Coronavirus vaccine likely to be ready for India in early 2021, says scientist


A vaccine for the coronavirus is likely to be ready in early 2021, but safely deploying it to India’s 1.3 billion people will be the country’s biggest challenge in fighting its growing epidemic, a leading vaccine scientist told Bloomberg.

India, which is home to some of the cutting-edge vaccine clinical trials, currently does not have a local infrastructure to go beyond vaccinating infants and pregnant women, said Gagandeep Kang, professor of microbiology at the Christian Medical College based in Vellore and member. of the WHO Global Advisory Committee on Vaccine Safety.

The timing of vaccination is a controversial issue around the world. In the United States, President Donald Trump contradicted a senior administration health expert saying that a vaccine would be available in October. In India, the government of Prime Minister Narendra Modi had promised a native vaccine in mid-August, a claim that the government and its main medical research body have backtracked.

For a country of its size, and with a virus curve that shows no signs of flattening, a safe and rapid vaccine is a priority for the administration of Modi. The country’s broken health care system, already struggling to provide adequate care before the outbreak, cannot cope with the stress of a protracted pandemic. A strict lockdown implemented at the end of March caused the largest contraction among the major economies, with gross domestic product contracting 23.9% in the three months through June from the previous year.

“By the end of the year we will have data that will tell us which vaccines are working and which ones will not work as well,” said Kang, who until July headed the Indian government committee investigating potential indigenous vaccine candidates. we get good results by the end of the year, then we are looking at vaccines potentially being available in small quantities in the first half of 2021 and in larger quantities in the latter part. “

Kang said that any vaccine currently in phase three trials, whether made locally or from major Western pharmaceutical companies, has a 50% chance of success.

Immunization challenges

India is organizing clinical trials for all the major vaccine candidates. The Serum Institute of India, the world’s largest vaccine manufacturer, is conducting trials for the vaccine developed by the University of Oxford. Pharmacist Dr. Reddy’s Laboratories said last week that it will distribute the Russian vaccine in India after conducting final-stage human trials and receiving regulatory approval.

Native Indian vaccine developers Bharat Biotech International Ltd. are in the second phase human trial stage and Zydus Cadila is in the process of receiving approvals for third phase clinical trials.

Even after an effective vaccine becomes available, India will look to storage and delivery barriers as the outbreak intensifies in the interior of the country. The second most populous country in the world also has neither the experience nor the infrastructure for mass immunization in all age groups.

“We don’t have life cycle immunization structures, we don’t have a way to vaccinate the elderly who are a particular risk group here,” Kang said. “Just building the system to be able to immunize all ages is going to be a challenge.”

Data issues

Even as the South Asian nation scrambles to gain access to a reliable vaccine to control its fast-moving pandemic, its spotty testing strategy may end up underestimating the true scope of its outbreak.

India has increasingly relied on rapid antigen tests which can report false negatives up to 50% of the time and its daily test data does not specify which type of tests (antigen or polymerase chain reaction tests real-time most sensitive) – make up the total or whether they were performed in symptomatic or asymptomatic people, Kang said.

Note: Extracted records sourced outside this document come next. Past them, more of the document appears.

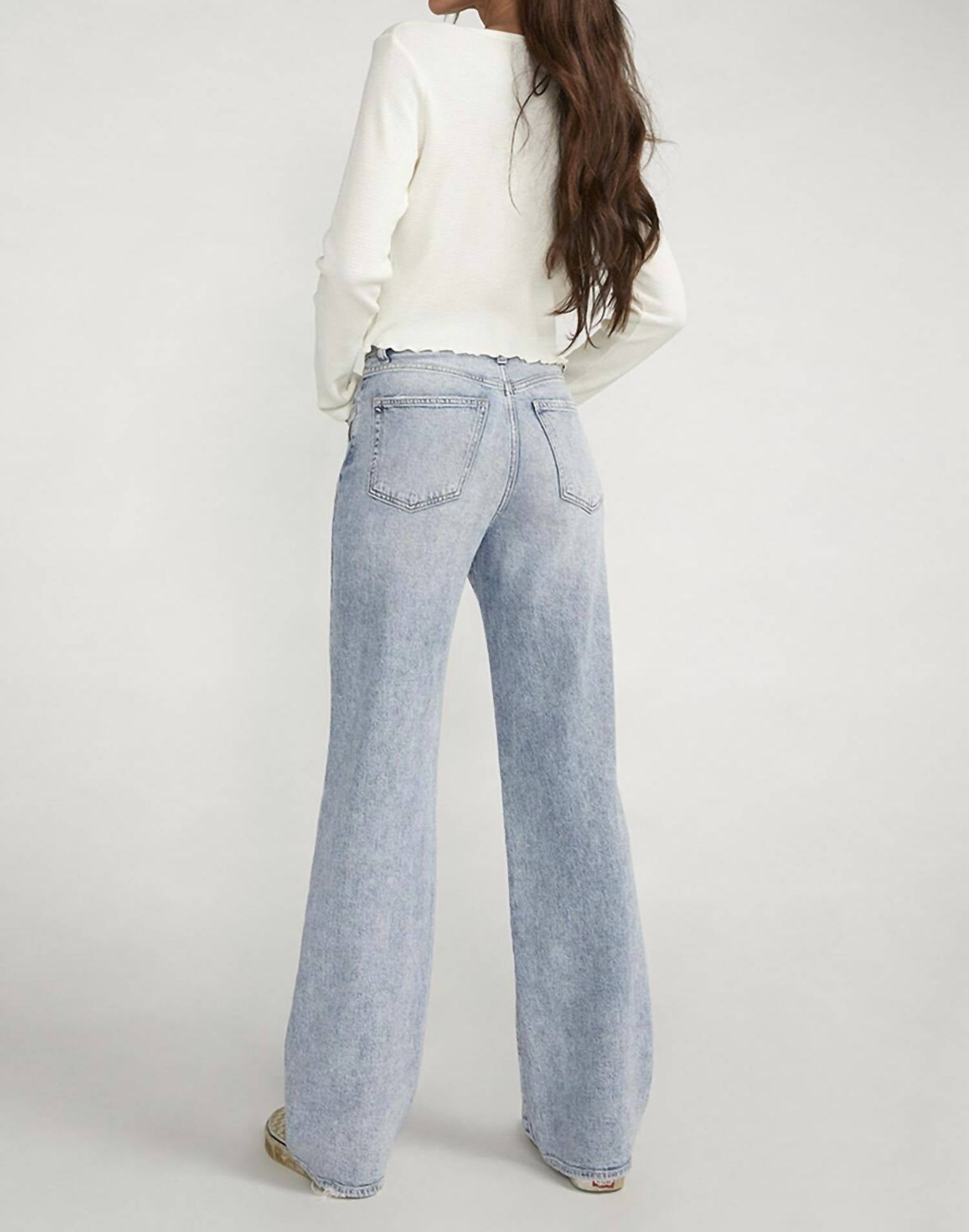 High-waist is here to stay and we especially love this style. Embrace timeless style with the highly desirable High Rise Trouser Leg Jeans by Silver Jeans Co, crafted in classic indigo. Featuring a high-rise waist and relaxed fit, these jeans boast a flared leg for a nod to 90s fashion. With a solid pattern and practical 5-pocket styling, they offer both fashion and function. Composition: Cotton Blend. Closure: Button closure. Care: Machine wash and tumble dry.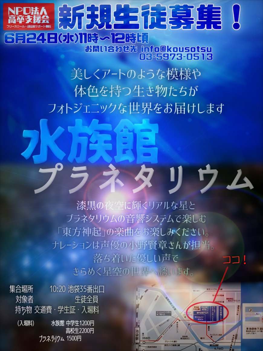 本日は池袋サンシャイン 水族館・プラネタリウム 引率します。子ども達、元気に送り出して下さいね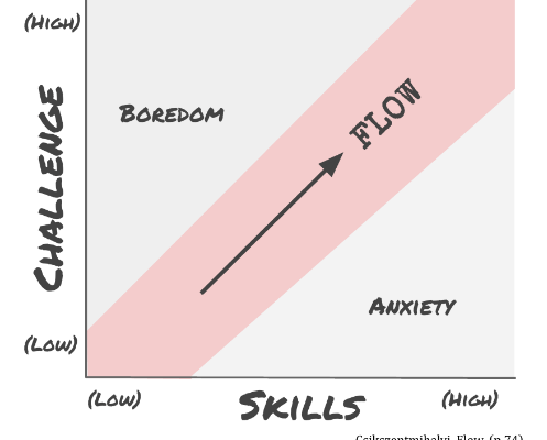 The theory of flow is that there’s a relative point between skill and challenge where a person’s abilities and the level of difficulty of a task are aligned to make it the perfect balance of rewarding and challenging. Conversely, an imbalance between skill and challenge produces some flavor of either anxiety or boredom. Csikszentmihalyi lists both sports and video games as examples of activities that are often linked to flow states, and the pre-conditions that he suggests for flow have actually been applied to video game design. He says that activities that are likely to lead to flow states: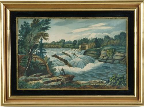 AFTER WILLIAM GUY WALL (American, 1792-) BAKERS FALLS. Unsigned 19th Century watercolor of Bakers Falls, New York after a print from the painting by William Guy Wall. The scene shows a cascading waterfall with mill having rocky banks and man standing on rock. Housed in a gilt molded wood replacement frame with reverse painted black and gold glass matte. On reverse is old description indicating the watercolor is a rendition of the Brunswick, Maine dam and mill on the Androscoggin River. SIGHT SIZE: 14in. x 21in.. CONDITION: Very good. 9-26060
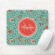 Floral Pattern in Teal and Orange and Red Monogram Mouse Pad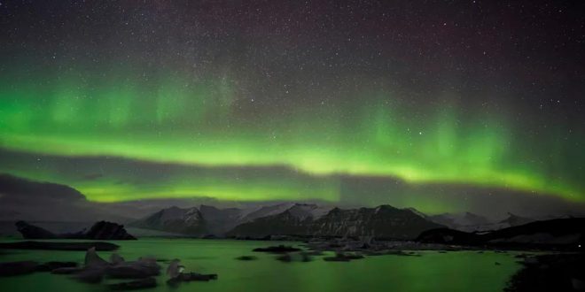 Jokulsarlon, Iceland The northern lights and the Milky Way appear over the glacial lagoon on the border of Vatnajökull national park in south-east Iceland
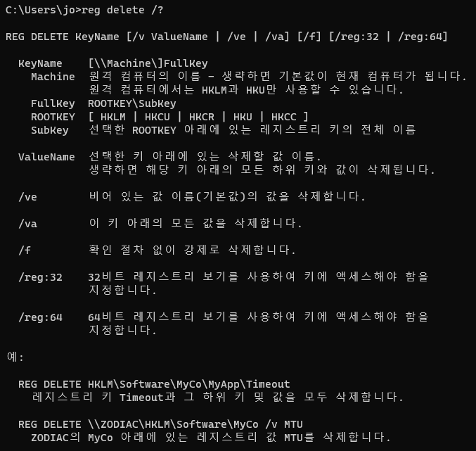 레지스트리에서 값을 다시 삭제하는 명령어는 다음과 같다.

Despite pushing antigen testing, India’s 8% test positivity rate is far higher than the World Health Organization’s 5% benchmark for controlling the outbreak.

“It seems that in many places antigen and RT-PCR are used interchangeably. That doesn’t make sense to me, “he said.” It is difficult to know if the rate at which cases are increasing will accelerate when the testing strategy in different states is unknown. “

This story has been published from a news agency feed with no changes to the text. Only the title has been changed.